Characterization of bacterial artificial chromosome transgenic mice expressing mCherry fluorescent protein substituted for the murine smooth muscle alpha-actin gene

Abstract

Smooth muscle alpha actin (SMA) is a cytoskeletal protein expressed by mesenchymal and smooth muscle cell types, including mural cells (vascular smooth muscle cells and pericytes). Using Bacterial Artificial Chromosome (BAC) recombineering technology, we generated transgenic reporter mice that express a membrane localized cherry red fluorescent protein (mCherry), driven by the full-length SMA promoter and intronic sequences. We determined that the founders and F1 progeny of five independent lines contain 1-3 copies of the mCherry-substituted BAC vector. Furthermore, we characterized the expression of SMA-mCherry in relation to endogenous SMA in the embryo and in adult tissues, and found that the transgenic reporter in each line recapitulated endogenous SMA expression at all time points. We were also able to isolate SMA expressing cells from embryonic tissues using fluorescence-activated cell sorting (FACS). We demonstrated that this marker can be combined with other vital fluorescent reporters and it can be used for live imaging of embryonic cardiodynamics. Therefore, these transgenic mice will be useful for isolating live SMA-expressing cells via FACS and for studying the emergence, behavior, and regulation of SMA-expressing cells, including vascular smooth muscle cells and pericytes throughout embryonic and postnatal development.

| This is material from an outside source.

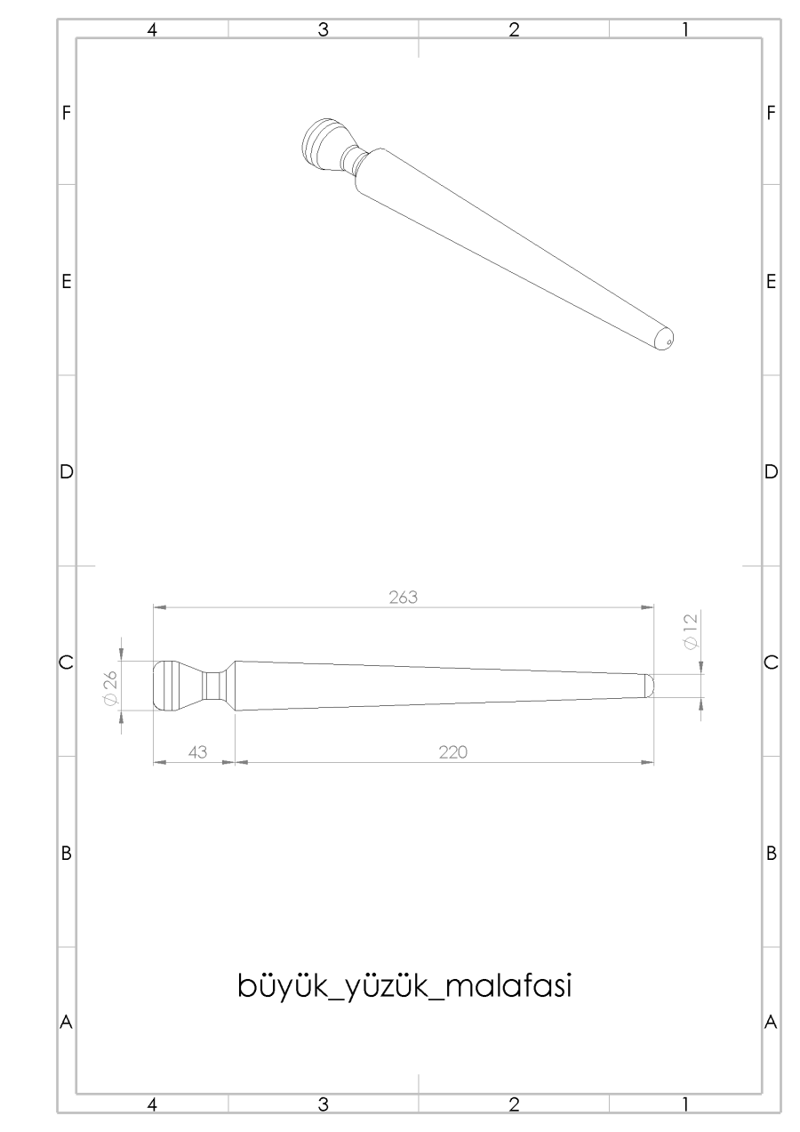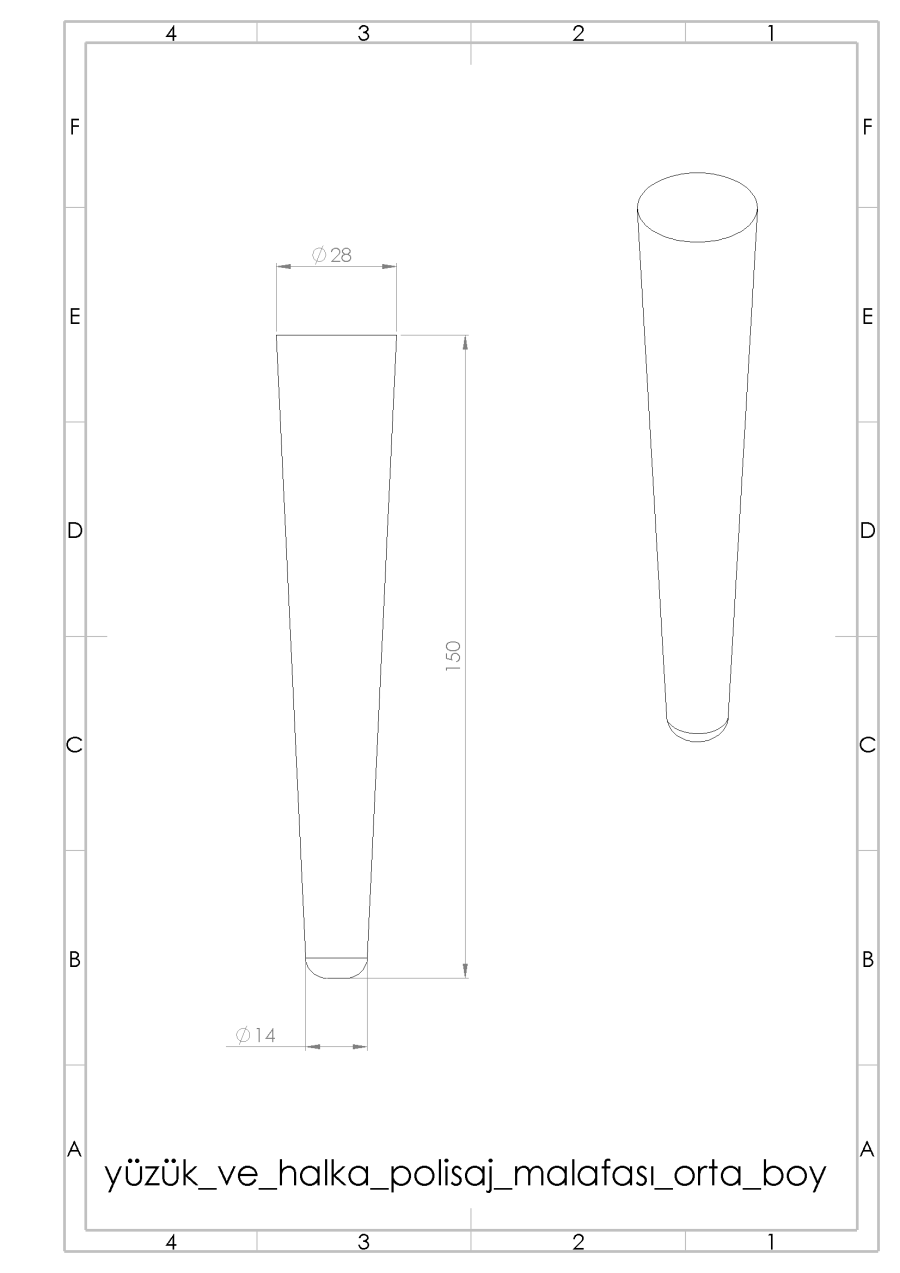 büyük çap 15 mm , küçük çap 8 mm , boy 140 mm dir.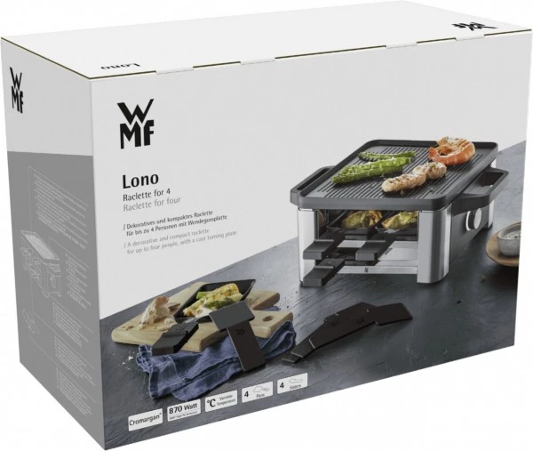 Raclette ist eines der beliebtesten Gerichte für gesellige Runden, egal ob mit Freunden oder im Kreise der Familie. Mit dem WMF Lono Raclette für vier Personen erhalten Sie einen Raclette-Grill aus hochwertigem WMF-Cromargan mit 870 Watt Leistung. Mit dabei sind vier hochwertige Raclette-Schieber sowie vier antihaftbeschichtete Pfännchen, alles natürlich spülmaschinengeeignet. Die Temperatur lässt sich über einen Drehregler variabel einstellen, die zugehörige LED-Beleuchtung macht den WMF Lono Raclettegrill für 4 Personen zum edel anmutenden Designobjekt.

Figure 1. SMA-mCherry construct and characterization

(a) Diagram of BAC clone RP23-132C11 demonstrating the location of sequences substituted for SMA exon 2 creating the SMA-mCherry vector is shown. Exon 2 of the SMA locus was replaced with a myristoylated mCherry cassette at the AUG translational initiation codon to express membrane localized mCherry. (b) Standard curve to calculate copy number of SMA-mCherry lines. (c) Copy number of SMA-mCherry lines. Transgenic mice contained between 1 and 3 copies of the transgene.

Figure 2. Expression of SMA-mCherry in the developing mouse embryo

(a-d) Whole mount reporter expression in E7.5-10.5 embryos. (e,h,k,n,q,t,w,z,cc) Reporter expression (red) (f,i,l,o,r,u,x,aa,dd) SMA antibody staining (green) (g,j,m,p,s,v,y,bb,ee) and merged images of SMA-mCherry immunochemistry. Reporter expression in the developing heart and aorta at E10.5 (e-g) yolk sac (h-j) and somites (k-m) recapitulates endogenous SMA expression. Reporter expression in the E13.5 heart (n-p) aorta and esophagus (q-s) stomach and intestine smooth muscle (t-v) recapitulate endogenous SMA expression. Reporter expression in the E18.5 (w-y) heart (z-bb) lung (cc-ee) esophagus also recapitulates endogenous SMA expression. Scale bar (e-g, k-v) 100um (h-j, w-ee) scale bar 50um. A, Aorta; E, Esophagus; S, Stomach; I, Intestine.

Figure 3. SMA-mCherry expression in adult organs

(a-d) Heart (e-h) mesenteric vessels (i-l) stomach (m-p) lung (q-t) kidney (u-x) ileum of the intestine (y-bb) mammary gland (cc-ff) femoral artery. Expression was observed in (c-d, g-h, k-l, o-p, s-t, w-x, aa-bb, ee-ff) SMA-mCherry but not (a-b, e-f, i-j, m-n, q-r, u-v, y-z, cc-dd) WT controls. WT images for fluorescence were obtained with the same light intensigy and exposure time as SMA-mCherry.

Figure 4. Isolation of SMA positive cells by flow cytometry

FACS profiles of (a) WT and (b) SMA-mCherry E15.5 yolk sac cells. Cultured cells expressed mCherry (c, red) and immunostained positive for SMA (c, green).

Figure 5. Live imaging of the beating embryonic heart at E9.5

The image series is acquired from a cross of the SMA-mCherry line to the Tg(ε-globin::GFP) line labeling embryonic erythrocytes at 16 frames per second (fps) at the depth of 100 μm. (a-c) Representative frames from the image series showing different phases of the cardiac cycle. (d) Relative fluorescence intensity of the mCherry (red) and the GFP (green) as a function of time in the region marked by a circle in the panel (d).